Der zeitlich aufwendigste Teil der Arbeit bestand im Zusammensetzen der einzelnen Scans zu einem kompletten 3D-Modell und in der Aufbereitung der Daten für den 3D-Druck. In verschiedenen Aufnahmen hatte der Scanner das Objekt abgetastet und dabei die Position einer Vielzahl von Punkten im Raum aufgezeichnet, die in der Summe eine dichte Punktwolke hervorbrachten. Obwohl die Messwerte noch nicht aufbereitet waren, sah das Zwischenergebnis am Bildschirm bereits fast wie eine zusammenhängende Oberfläche aus. Jeweils drei der Messpunkte konnten in der Software automatisiert miteinander verbunden werden, woraus sich ein Polygonmodell ergab, das aus Hundertausenden von Dreiecken bestand. Die daraus resultierenden einzelnen Scan-Fragmente richtete der Laboringenieur aneinander aus und fügte sie schließlich zu einer geschlossenen „wasserdichten" Geometrie zusammen. Zudem galt es, kleine Löcher und Fehlstellen im virtuellen Panther nachzuarbeiten. Danach war das digital erstellte Modell bereit für die Fertigung und die Replik konnte im Laser-Sinter-Verfahren aus Polyamid hergestellt werden. Dabei wurde die Form in hauchdünne Querschnitte unterteilt, damit sie die Anlage anschließend aus vielen einzelnen Pulverschichten mit einem Laser verschmelzen konnte, bis schließlich der gesamte Panther in dem Kunststoff aufgebaut war.
Nach dem 3D-Druck war die Replik allerdings noch weiß. Um nicht nur die Form sondern auch die farbliche Anmutung des originalen Pantherweibchens nachzuempfinden, wurde das Polyamid-Modell von Thomas Flanderka, einem Vergoldermeister und Restaurator aus München farbig gefasst. Seine Aufgabe bestand darin, auf dem Kunststoff die in Grüntönen changierende Färbung nachzubilden, für die am Bronze-Original eine Sulfidierung auf der metallischen Oberfläche der Statuette verantwortlich ist. Um dies zu erreichen, grundierte er das Kunststoff-Modell zuerst mit Acryl und Kreide, um so die Artefakte des 3D-Drucks auszugleichen und näher an die Oberflächenbeschaffenheit des antiken Stücks heranzukommen. Damit das Licht in etwa so reflektiert wird, wie beim Original, trug er als zweite Schicht messingfarbenes eloxiertes Aluminium auf, um den Tiefenglanz und den Charakter des Metalls zu imitieren.

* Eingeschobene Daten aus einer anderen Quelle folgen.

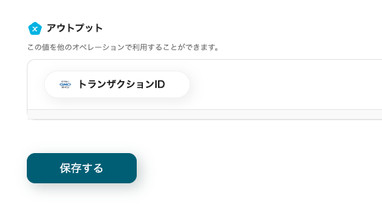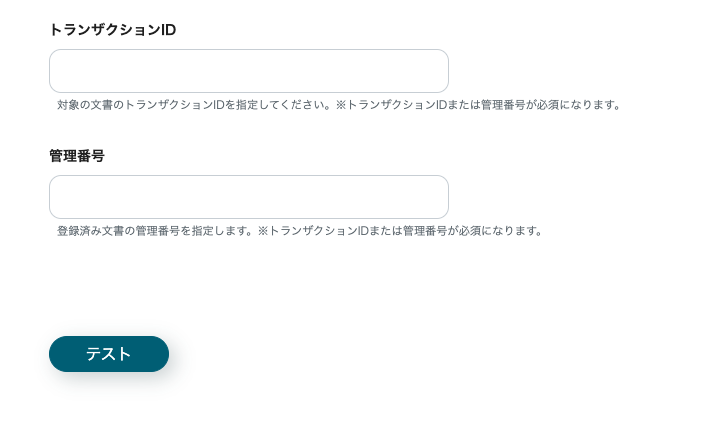 →テストをクリック →成功 トランザクションIDが取得できます。
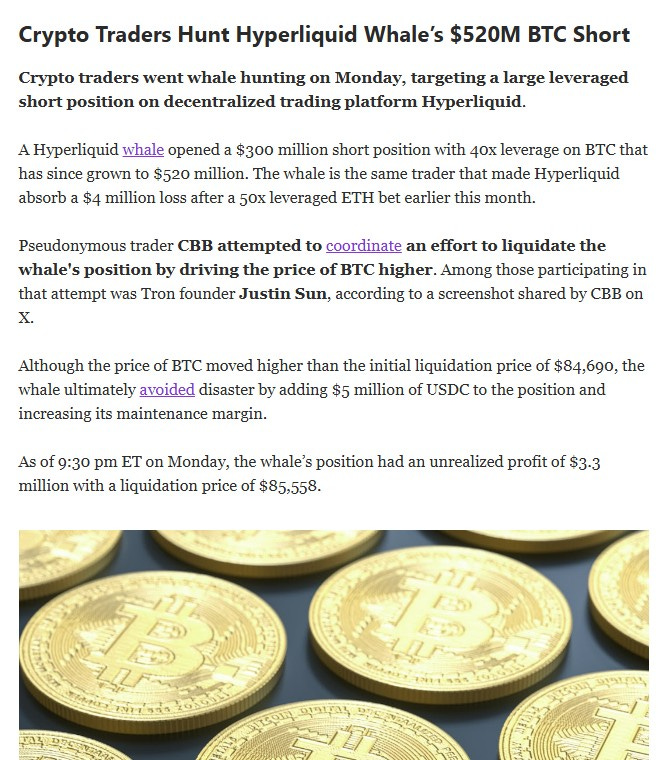 What this shows is that this levered short BTC player entered the position at an average price of $83898.20 shorting 6210.90 BTC. First off we don’t know the guys other positions, could be long futures whatever, so I never take this at face value, second we don’t know how many bullets a player like this actually has. We know large HFs will take this data and use it in their favor to push people around. In either case this is nothing more than Wall Street being Wall Street and the little guy will have zero affect upon getting a guy like this to do anything other than exert their will.
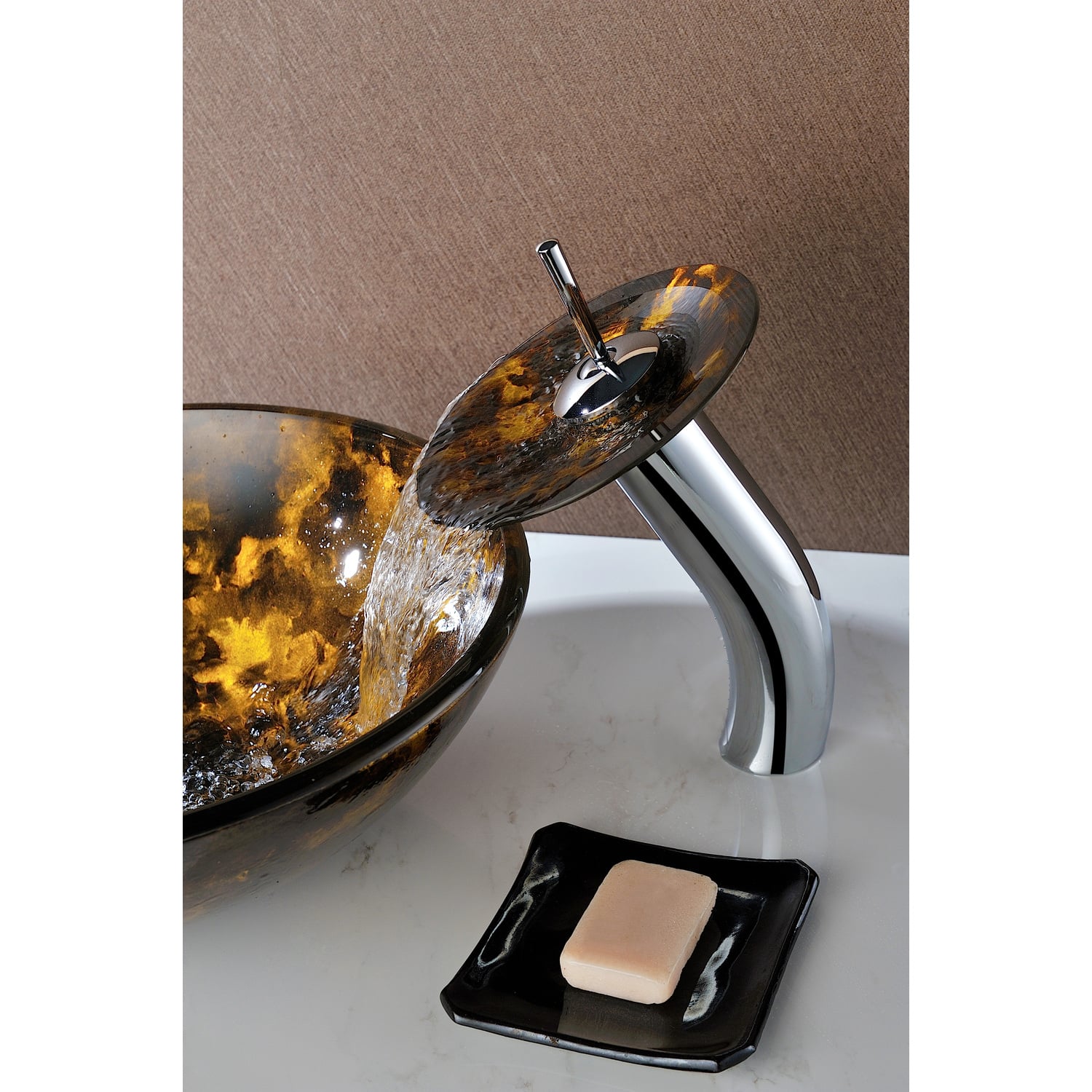 Anzzi Toa Series Deco-Glass Vessel Sink in Kindled Amber with Matching Chrome Waterfall Faucet, 191042047945, LS-AZ8102
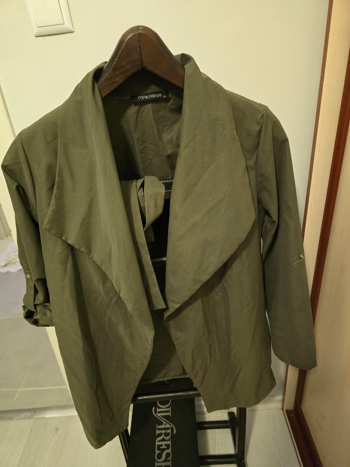 Khaki renkte, keten kumaştan, uzun kollu, normal boy midi ceket. Notch yaka ve dökümlü tasarıma sahip, rahat kesim. DIVARES etiketlidir.
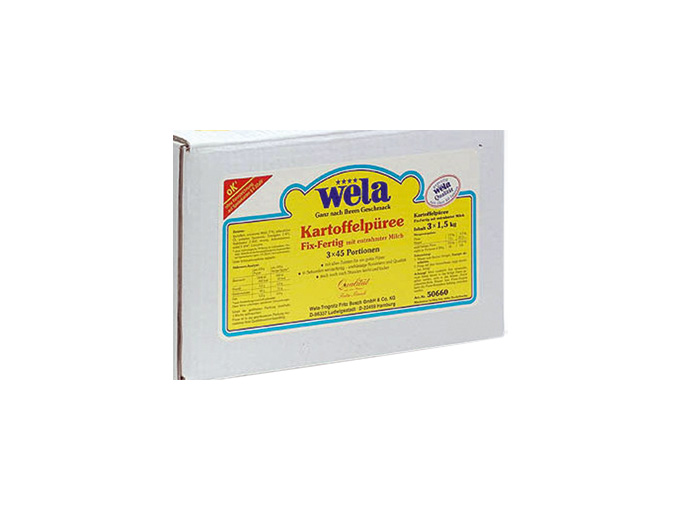 Kartoffel 87 %, Palmöl, MAGERMILCHPULVER 3,6 %, jodiertes Speisesalz (Siedesalz, Kaliumjodat), LACTOSE, MILCHEIWEISS, Stabilisator E450, Emulgator E471, Aroma, Curcuma, Antioxidationsmittel E304. * ohne technologische Wirkung im zubereiteten Produkt, deshalb ist die Kennzeichnung von Zusatzstoffen auf Speisekarten (gem.deutscher LMZDV) nicht erforderlich. Produkt enthält: Milch.

Mit in flüssigem Acryl gelösten Pigmenten wurden schließlich mehrere grünlich, bräunliche Lasurschichten aufgemalt und aufgestupft. Am Ende stand ein Ergebnis, das dem echten Figürchen zum Verwechseln ähnlichsah.
Was noch fehlte, war die Bodenplatte für die Statuette. Die Firma Stein Riedl aus Bernried fertigte sie anhand einer technischen Zeichnung des 3D-Labors an. Zur Verwendung kam hierfür der Naturstein "Schwarzer Schwede", der in Polen und Schweden gewonnen wird. Nachdem die Platte zusätzlich mit einem schwarzen Poliermittel bearbeitet war, ergab sich ein im Einklang mit der Replik ein zufriedenstellendes harmonisches Bild, das dem Aussehen des nachzubildenden Sockels sehr nahe kam.
"Mit der kleinen Replik ist unserem 3D-Labor erneut ein spannendes Werk geglückt", freut sich Prof. Joerg Maxzin. "Wie zuletzt bei der vielbeachteten Rekonstruktion der Lukas-Figur aus der Münchener Theatinerkirche gelang es uns erneut, aktuelle 3D-Techniken in den Dienst der Denkmalpflege zu stellen. Waren Abgüsse von Skulpturen bislang nur durch aufwendige Silikon-Formen möglich, die mit unzähligen Risiken und Nachteilen für die Originale behaftet waren, so eröffnen die neuen Methoden ungeahnte Möglichkeiten", so Prof. Maxzin. Heute könne berührungsfrei an Kulturerbe gearbeitet werden und die 3D-Daten böten neben vielfältigen Möglichkeiten der Präsentation und Archivierung auch unzählige spannende Optionen für die Fertigung.
Beim Bau des "Casinos" auf der Roseninsel im Starnberger See wurden im 19. Jahrhundert einige Scherben und Fibeln gefunden, die später zusammen mit der Statuette des Pantherweibchens ausgestellt wurden. Nach Ansicht der Archäologischen Staatssammlung darf allerdings bezweifelt werden, dass es sich bei dem Pantherweibchen um einen Bodenfund von der Roseninsel handelt, auch wenn es zur Ausstellung als solcher ausgegeben wurde. Man hatte es wohl eher zur Aufwertung der übrigen Stücke dazugestellt. Wahrscheinlich stammt die sehr gut erhaltene Miniatur ursprünglich aus Unteritalien und wird nach heutigem Kenntnisstand auf das 1. Jahrhundert nach Christus datiert. Sie gehörte möglicherweise zu einer Statue des römischen Weingottes Bacchus, der häufig mit einem Panther dargestellt wurde.